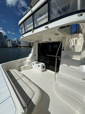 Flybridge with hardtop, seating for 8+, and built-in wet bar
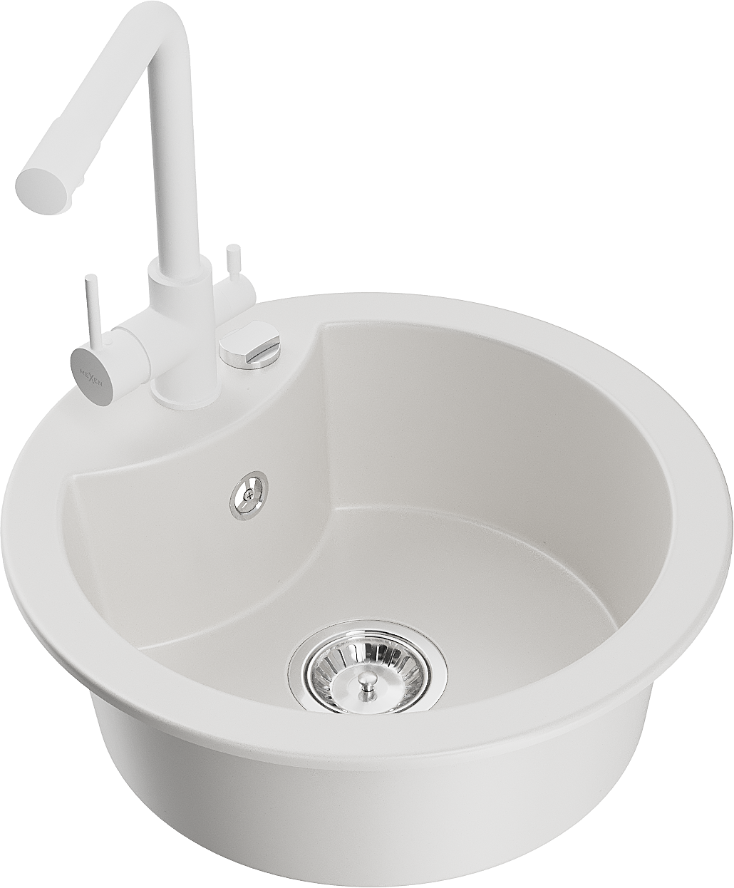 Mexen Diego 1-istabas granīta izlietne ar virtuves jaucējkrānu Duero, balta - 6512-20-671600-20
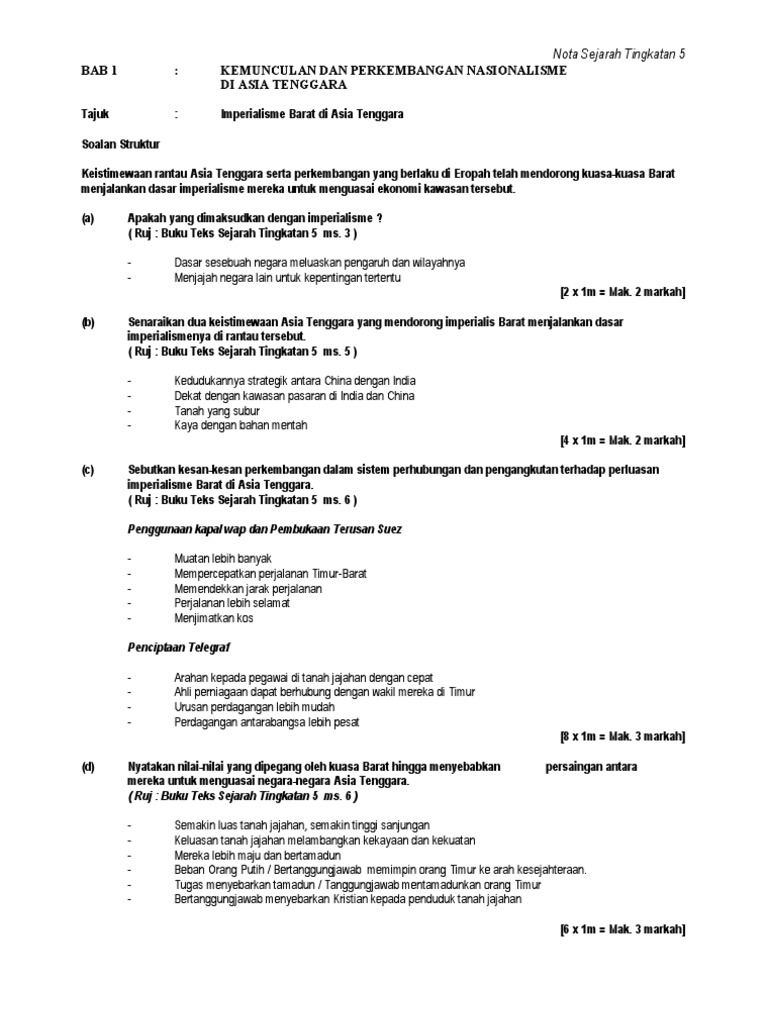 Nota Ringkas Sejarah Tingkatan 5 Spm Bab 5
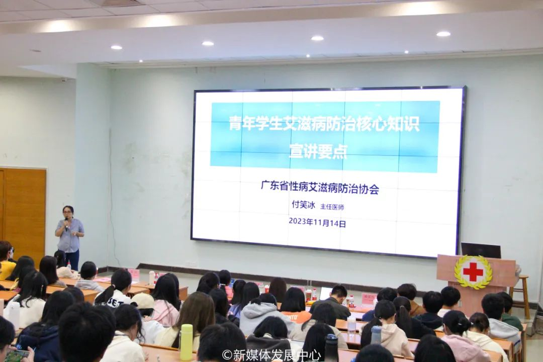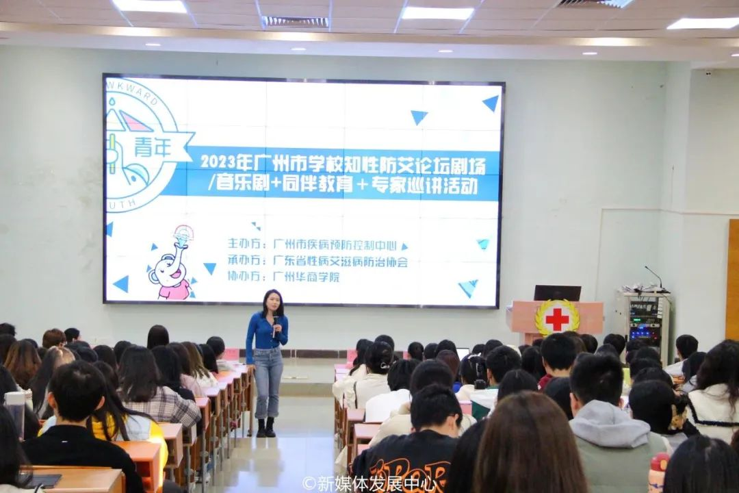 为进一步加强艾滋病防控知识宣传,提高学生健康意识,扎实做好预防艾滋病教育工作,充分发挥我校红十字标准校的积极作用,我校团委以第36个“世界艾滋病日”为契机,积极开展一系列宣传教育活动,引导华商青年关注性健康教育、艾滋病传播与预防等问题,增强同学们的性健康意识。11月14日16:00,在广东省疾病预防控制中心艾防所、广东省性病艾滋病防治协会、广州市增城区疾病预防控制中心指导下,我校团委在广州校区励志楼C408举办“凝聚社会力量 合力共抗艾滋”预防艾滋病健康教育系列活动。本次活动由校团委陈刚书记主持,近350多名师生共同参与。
----
WORK TASK: Word for word, restate the lines above from the first through the one that contains "Nota Ringkas Sejarah Tingkatan 5 Spm Bab 5", and exclude all pictures.

FINAL ANSWER:
 Flybridge with hardtop, seating for 8+, and built-in wet bar
 Mexen Diego 1-istabas granīta izlietne ar virtuves jaucējkrānu Duero, balta - 6512-20-671600-20
 Nota Ringkas Sejarah Tingkatan 5 Spm Bab 5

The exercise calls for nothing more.